### ASSIGNED TASK
Using the data below, print exactly the line with "Woman Within Plus", the line with "The Black Floor", and every line between them, but none of the pictures.

### GIVEN RECORDS
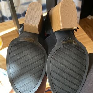 Qupid black suede man made material with ankle tie Size 7 Peel toe Wooden heel 3.5”
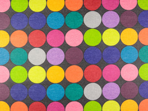 Beschichtete Baumwolle in schwarz mit bunten Punkten. Ideal zum Nähen von Täschchen, Kosmetiktaschen, Lunchpaketen, Tischdecken, Regenbekleidung. Die Punkte haben einen Durchmesser von ca. 5cm. Material: 50% Baumwolle / 50% Polyester Breite: 140cmWaschbar bei 30°, auf der Rückseite bügelbar!
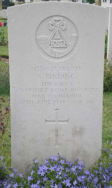 Prt. Sydney Binding, formerly of the King's Shropshire Light Infantry, served with No.6 Commando from, at least, 5th June 1944. Prt. Sydney Binding was reported as Killed In Action (KIA) on 12th June 1944, aged 20 years, when he stood on a landmine whilst out on patrol. He was the son of Mrs. M. E. Binding, of |
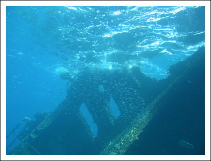 Viele kleine Fische halten sich im Strömungsschatten der Aufbauten auf.
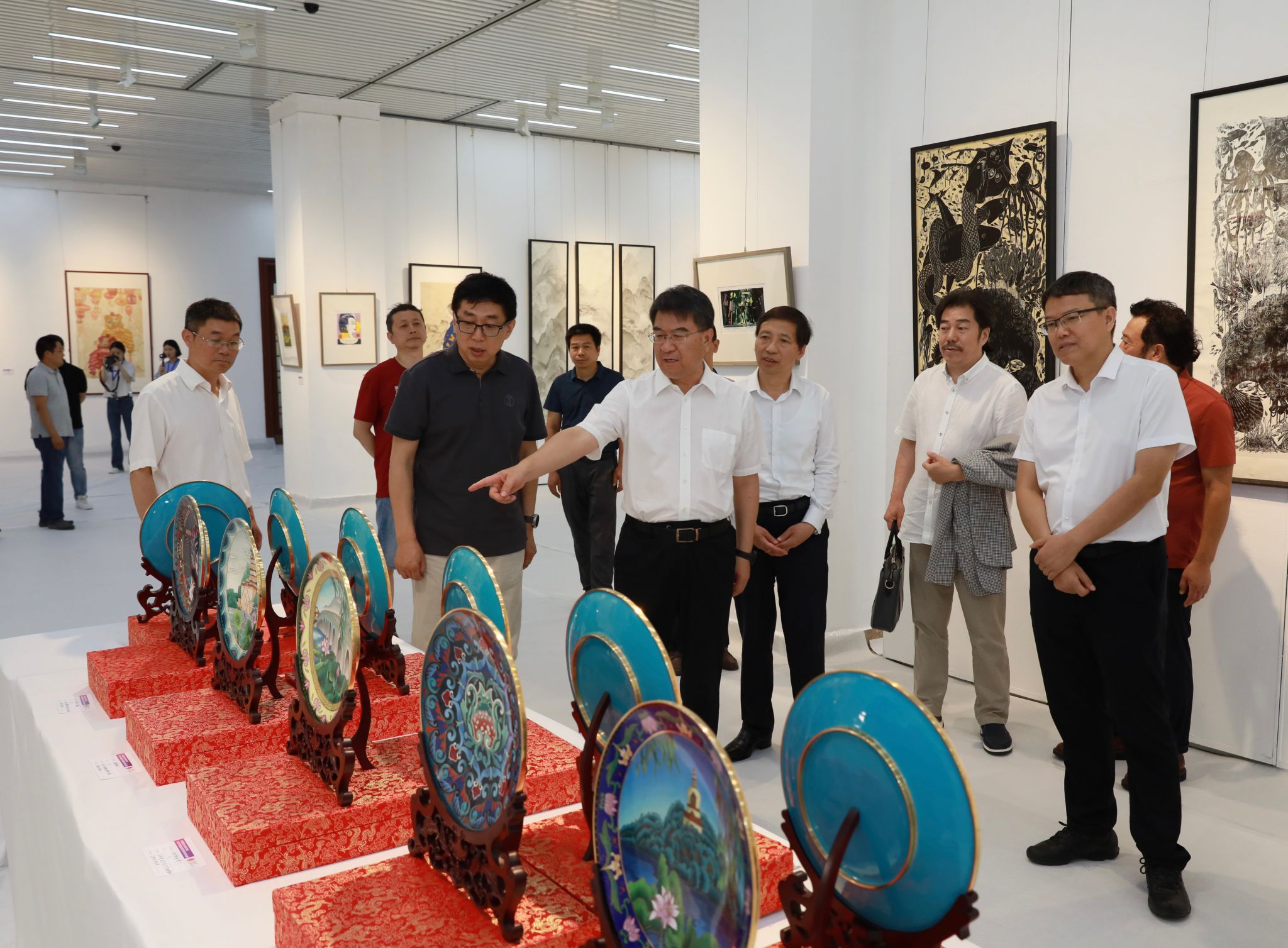 在看到最具师范特色、以北京非遗珐琅彩技术创作建党百年系列挂盘时,张京泽驻足良久,指出,毕业展是学院一年一度人才培养的重要成果,体现了美术学院在服务文化强国战略、服务首都文化中心建设方面做出突出成绩。他要求,美术学院要全面深入学习贯彻落实习近平总书记在文化传承发展座谈会上的讲话精神,坚持立德树人,坚持价值引领,积极回应时代关切与社会需求,用好红色资源,传承红色基因,弘扬红色文化,大力培养堪当民族复兴重任的时代新人,践行为党育人、为国育才神圣使命。
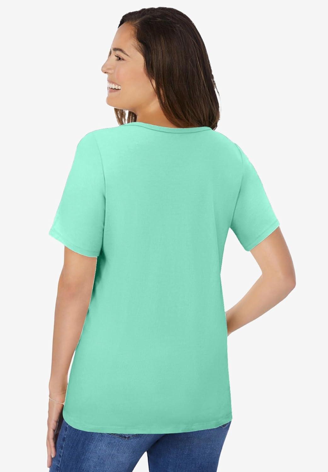 Woman Within Plus Size Ruffle Tee(Pale Seafoam)
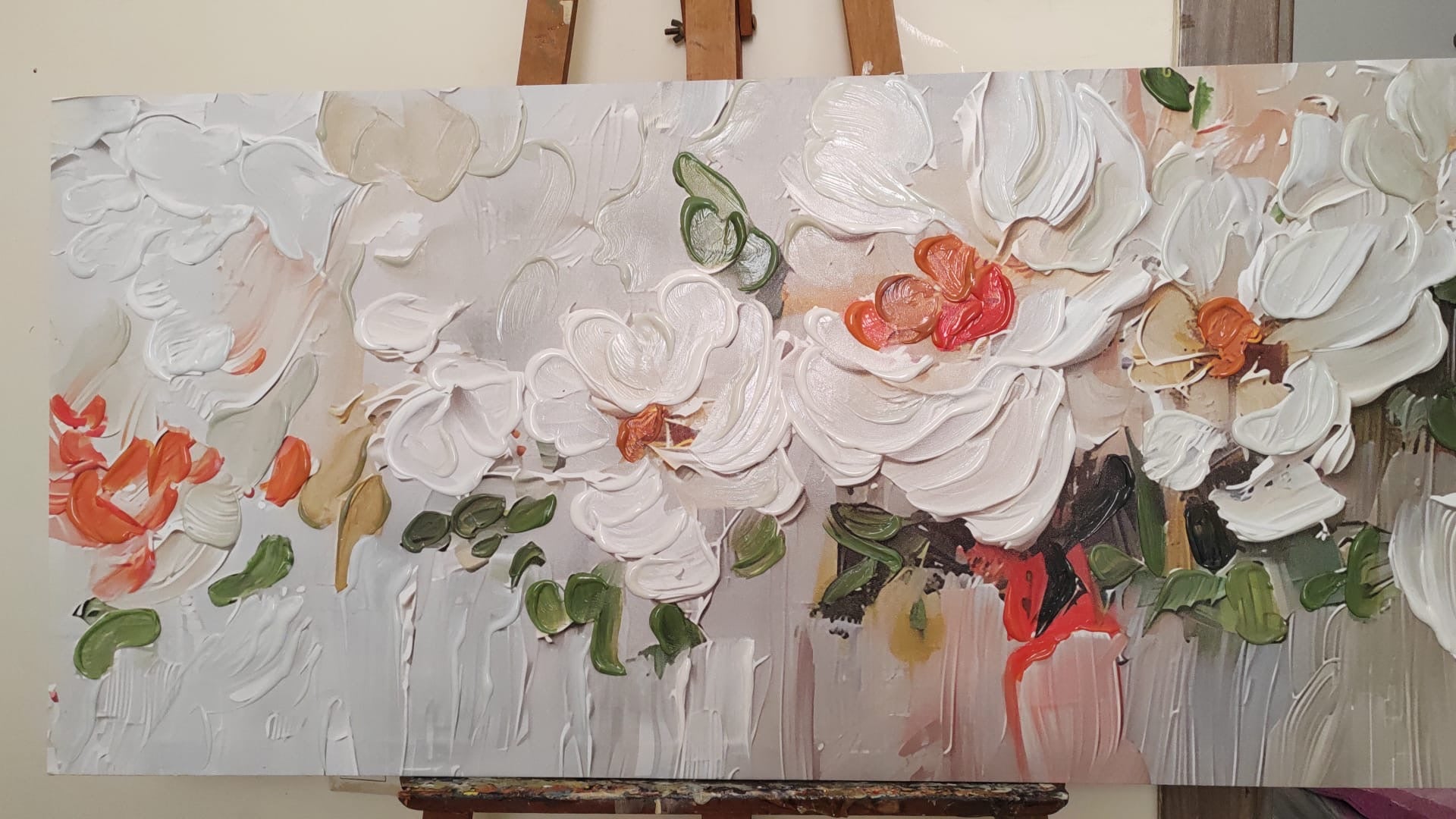 White Orange Flowers 3d Heavy Textured Partial Oil Painting
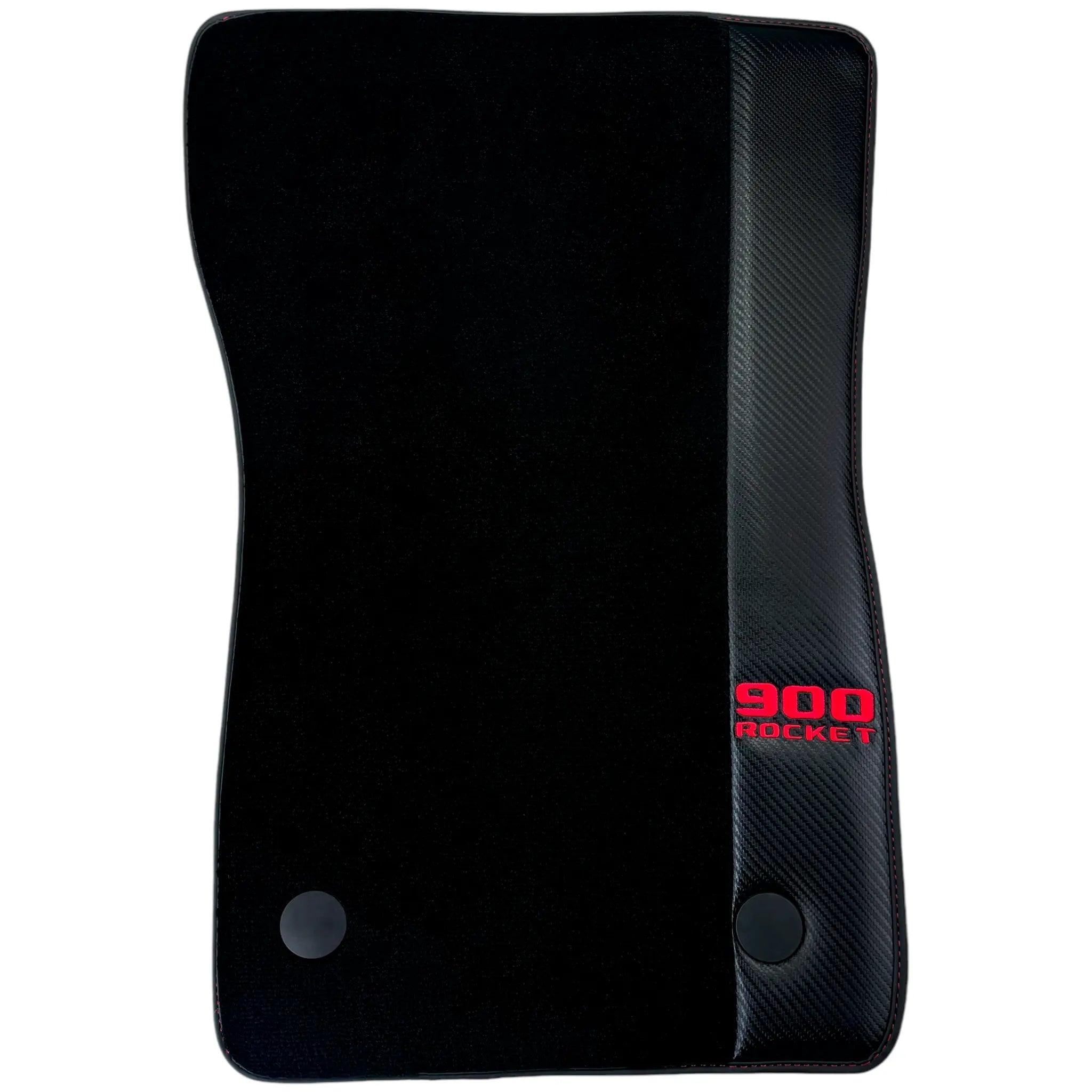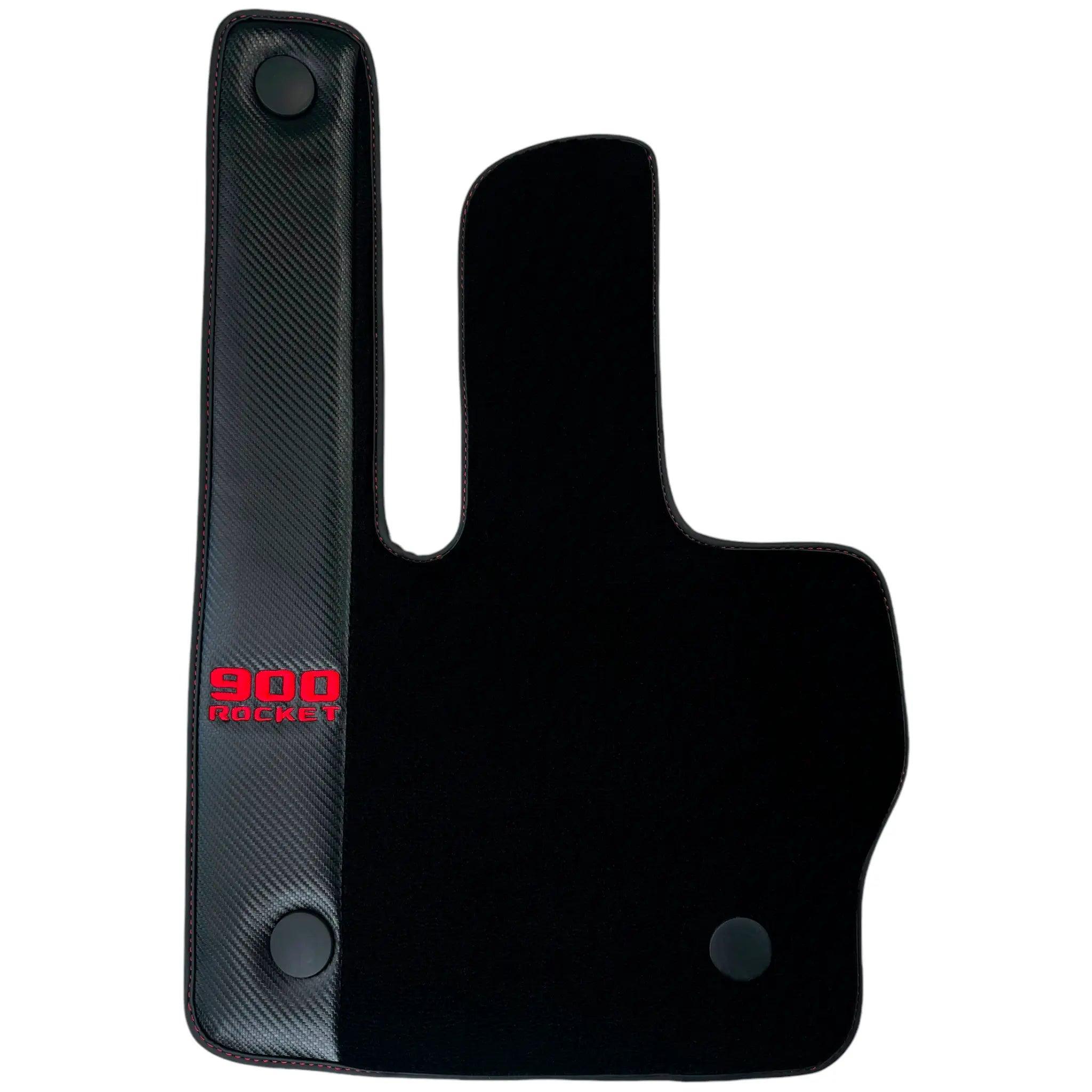 The Black Floor Mats for Mercedes-Benz G Class W464 (2021-2024) with Leather Borders are the perfect addition to your luxury vehicle. With a sleek design and red logo "900 Rocket", these mats provide both style and function. Protect your car's floors while adding a touch of elegance. Expertly crafted for a perfect fit.
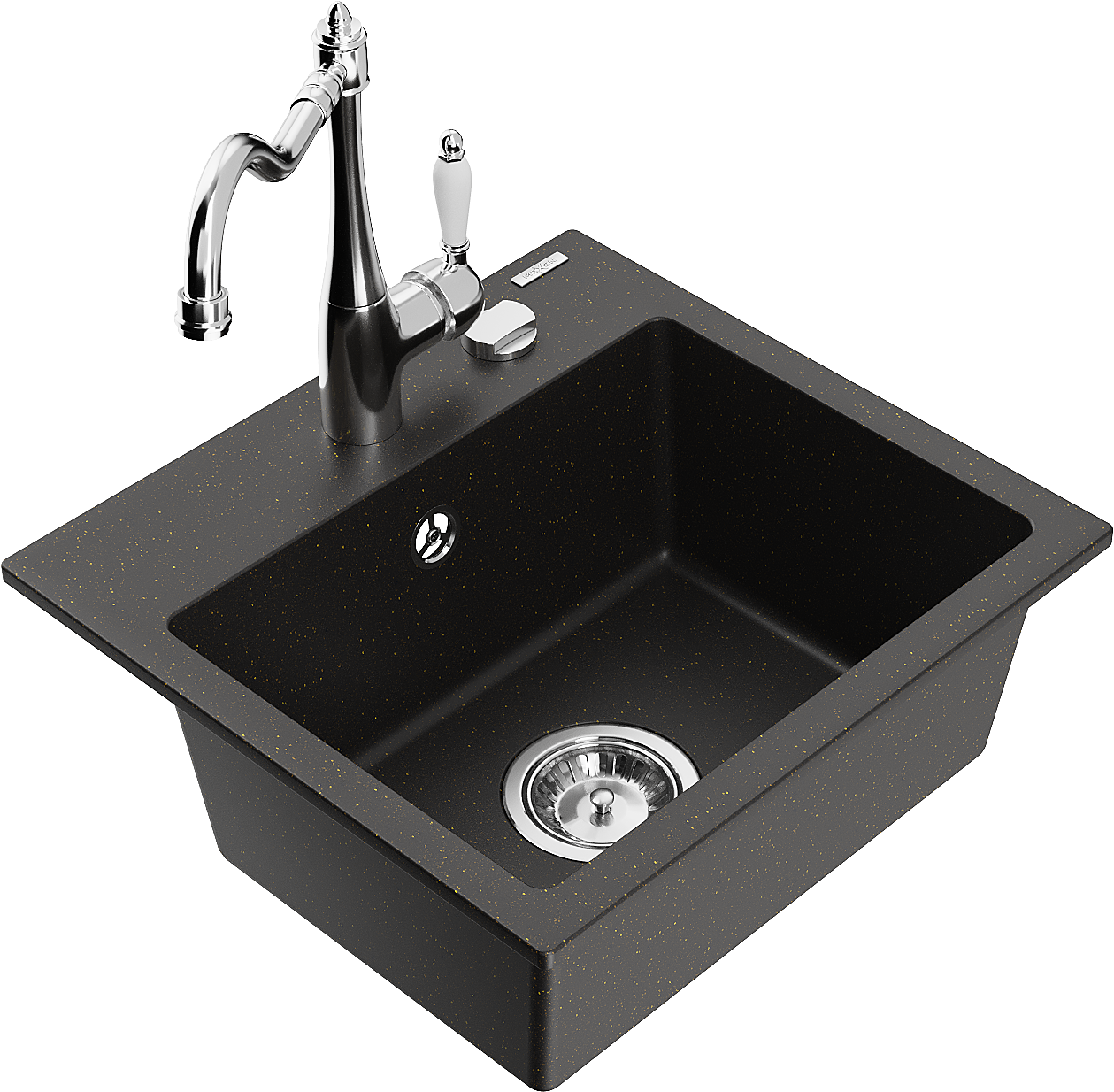 Mexen Milo granitový drez s 1 komorou s kuchynskou batériou Carla, čierno/zlatý metalický - 6505-75-670700-00

### ANSWER TO THE EXERCISE
 Woman Within Plus Size Ruffle Tee(Pale Seafoam)
 White Orange Flowers 3d Heavy Textured Partial Oil Painting
 The Black Floor Mats for Mercedes-Benz G Class W464 (2021-2024) with Leather Borders are the perfect addition to your luxury vehicle. With a sleek design and red logo "900 Rocket", these mats provide both style and function. Protect your car's floors while adding a touch of elegance. Expertly crafted for a perfect fit.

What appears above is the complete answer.